Your copy runs from the line containing "Seagull's Perch by" through the last line of the listing, both included. Restate those lines word for word and leave out pictures.

[Opening Stored data section]

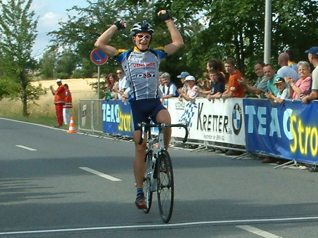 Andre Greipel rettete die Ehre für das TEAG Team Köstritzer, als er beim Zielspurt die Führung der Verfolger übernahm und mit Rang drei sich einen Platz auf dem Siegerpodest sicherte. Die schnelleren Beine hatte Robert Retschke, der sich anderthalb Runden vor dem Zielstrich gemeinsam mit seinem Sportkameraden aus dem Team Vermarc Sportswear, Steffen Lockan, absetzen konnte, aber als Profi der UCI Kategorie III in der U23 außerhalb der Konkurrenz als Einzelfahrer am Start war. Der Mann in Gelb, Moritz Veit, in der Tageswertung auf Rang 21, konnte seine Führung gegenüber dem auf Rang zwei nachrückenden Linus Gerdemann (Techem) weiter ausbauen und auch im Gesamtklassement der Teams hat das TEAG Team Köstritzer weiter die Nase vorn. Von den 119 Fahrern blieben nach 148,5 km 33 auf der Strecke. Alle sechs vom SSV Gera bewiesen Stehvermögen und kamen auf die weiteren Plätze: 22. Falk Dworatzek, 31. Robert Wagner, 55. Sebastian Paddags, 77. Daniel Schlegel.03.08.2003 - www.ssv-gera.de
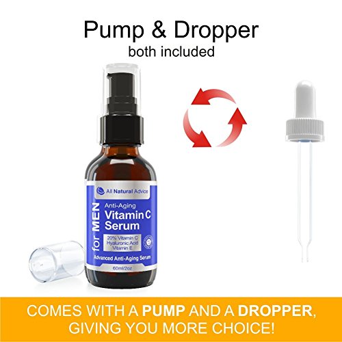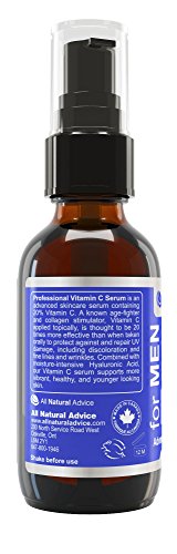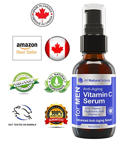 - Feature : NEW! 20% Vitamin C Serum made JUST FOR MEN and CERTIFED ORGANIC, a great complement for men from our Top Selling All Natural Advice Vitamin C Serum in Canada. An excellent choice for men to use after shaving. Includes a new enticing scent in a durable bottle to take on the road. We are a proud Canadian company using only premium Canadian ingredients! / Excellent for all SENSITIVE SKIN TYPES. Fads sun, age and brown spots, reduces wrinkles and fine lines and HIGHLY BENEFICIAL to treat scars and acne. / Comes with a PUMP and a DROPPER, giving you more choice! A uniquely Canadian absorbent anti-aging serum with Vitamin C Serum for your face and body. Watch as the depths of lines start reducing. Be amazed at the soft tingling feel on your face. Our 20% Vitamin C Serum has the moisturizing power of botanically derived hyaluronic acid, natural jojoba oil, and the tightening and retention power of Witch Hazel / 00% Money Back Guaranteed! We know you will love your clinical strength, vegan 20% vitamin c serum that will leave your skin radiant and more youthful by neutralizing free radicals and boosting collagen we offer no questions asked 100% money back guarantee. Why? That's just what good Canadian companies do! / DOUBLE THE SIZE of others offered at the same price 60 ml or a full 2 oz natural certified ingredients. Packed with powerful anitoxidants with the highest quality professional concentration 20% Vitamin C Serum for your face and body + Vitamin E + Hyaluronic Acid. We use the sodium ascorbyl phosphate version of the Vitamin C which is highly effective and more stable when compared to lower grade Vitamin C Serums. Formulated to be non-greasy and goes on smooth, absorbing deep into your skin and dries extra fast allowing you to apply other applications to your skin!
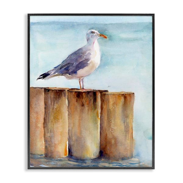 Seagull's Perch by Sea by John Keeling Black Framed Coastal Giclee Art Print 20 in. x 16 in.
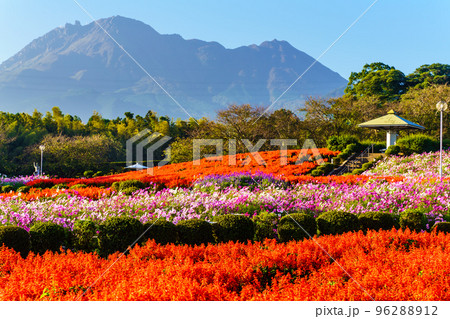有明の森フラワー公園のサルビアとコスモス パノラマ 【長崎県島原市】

[Closing Stored data section]

## Written answer
 Seagull's Perch by Sea by John Keeling Black Framed Coastal Giclee Art Print 20 in. x 16 in.
有明の森フラワー公園のサルビアとコスモス パノラマ 【長崎県島原市】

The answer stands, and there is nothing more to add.